* **Data to use**
§
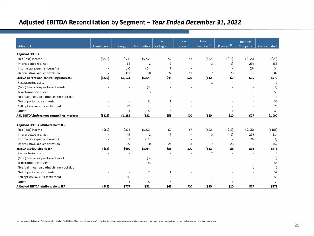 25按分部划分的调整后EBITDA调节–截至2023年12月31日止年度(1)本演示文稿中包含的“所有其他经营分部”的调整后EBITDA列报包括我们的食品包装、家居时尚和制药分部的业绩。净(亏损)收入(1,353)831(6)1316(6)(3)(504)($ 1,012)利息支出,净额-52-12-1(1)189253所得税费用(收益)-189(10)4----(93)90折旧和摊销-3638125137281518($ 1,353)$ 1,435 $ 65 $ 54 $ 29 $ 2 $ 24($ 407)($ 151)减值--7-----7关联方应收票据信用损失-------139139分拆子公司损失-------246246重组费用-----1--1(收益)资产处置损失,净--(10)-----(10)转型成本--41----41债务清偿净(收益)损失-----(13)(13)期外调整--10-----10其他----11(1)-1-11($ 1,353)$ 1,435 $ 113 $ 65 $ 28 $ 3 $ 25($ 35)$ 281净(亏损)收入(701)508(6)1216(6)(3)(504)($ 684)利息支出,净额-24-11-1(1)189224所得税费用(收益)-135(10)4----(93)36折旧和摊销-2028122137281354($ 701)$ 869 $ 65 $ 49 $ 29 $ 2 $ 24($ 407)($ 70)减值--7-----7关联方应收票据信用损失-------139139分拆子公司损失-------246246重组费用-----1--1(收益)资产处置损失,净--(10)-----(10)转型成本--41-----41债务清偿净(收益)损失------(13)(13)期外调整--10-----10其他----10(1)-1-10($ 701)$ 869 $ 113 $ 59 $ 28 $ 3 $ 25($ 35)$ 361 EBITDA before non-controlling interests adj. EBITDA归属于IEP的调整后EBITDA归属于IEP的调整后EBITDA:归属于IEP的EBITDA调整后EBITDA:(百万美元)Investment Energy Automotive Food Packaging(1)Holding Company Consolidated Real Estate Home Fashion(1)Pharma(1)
§
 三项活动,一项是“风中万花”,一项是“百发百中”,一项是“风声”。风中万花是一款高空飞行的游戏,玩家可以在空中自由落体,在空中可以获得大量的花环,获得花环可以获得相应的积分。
§
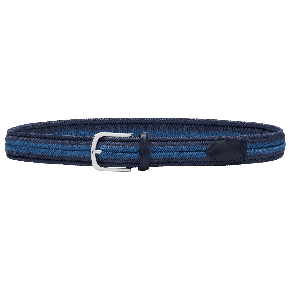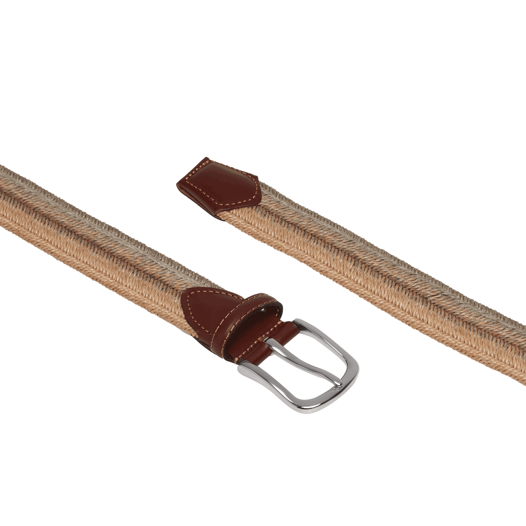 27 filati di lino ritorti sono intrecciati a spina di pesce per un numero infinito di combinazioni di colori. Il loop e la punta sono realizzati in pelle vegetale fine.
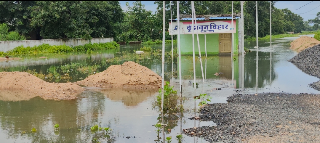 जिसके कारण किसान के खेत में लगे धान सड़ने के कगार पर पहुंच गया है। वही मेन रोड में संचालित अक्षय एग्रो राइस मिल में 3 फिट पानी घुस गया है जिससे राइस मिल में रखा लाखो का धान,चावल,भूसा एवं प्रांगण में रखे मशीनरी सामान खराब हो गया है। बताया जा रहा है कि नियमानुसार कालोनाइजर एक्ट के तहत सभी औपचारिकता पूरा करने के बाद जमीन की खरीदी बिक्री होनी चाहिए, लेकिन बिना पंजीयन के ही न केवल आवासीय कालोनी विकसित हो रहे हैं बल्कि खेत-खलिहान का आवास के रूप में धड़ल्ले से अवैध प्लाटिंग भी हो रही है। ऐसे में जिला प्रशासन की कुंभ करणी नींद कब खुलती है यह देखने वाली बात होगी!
§
* **Prompt**
Look above for the line with "27 filati di" and the line with "जिसके कारण किसान"; set down those two lines and all lines between them exactly, without pictures and without anything else.

* **Answer to this exercise**
 27 filati di lino ritorti sono intrecciati a spina di pesce per un numero infinito di combinazioni di colori. Il loop e la punta sono realizzati in pelle vegetale fine.
 जिसके कारण किसान के खेत में लगे धान सड़ने के कगार पर पहुंच गया है। वही मेन रोड में संचालित अक्षय एग्रो राइस मिल में 3 फिट पानी घुस गया है जिससे राइस मिल में रखा लाखो का धान,चावल,भूसा एवं प्रांगण में रखे मशीनरी सामान खराब हो गया है। बताया जा रहा है कि नियमानुसार कालोनाइजर एक्ट के तहत सभी औपचारिकता पूरा करने के बाद जमीन की खरीदी बिक्री होनी चाहिए, लेकिन बिना पंजीयन के ही न केवल आवासीय कालोनी विकसित हो रहे हैं बल्कि खेत-खलिहान का आवास के रूप में धड़ल्ले से अवैध प्लाटिंग भी हो रही है। ऐसे में जिला प्रशासन की कुंभ करणी नींद कब खुलती है यह देखने वाली बात होगी!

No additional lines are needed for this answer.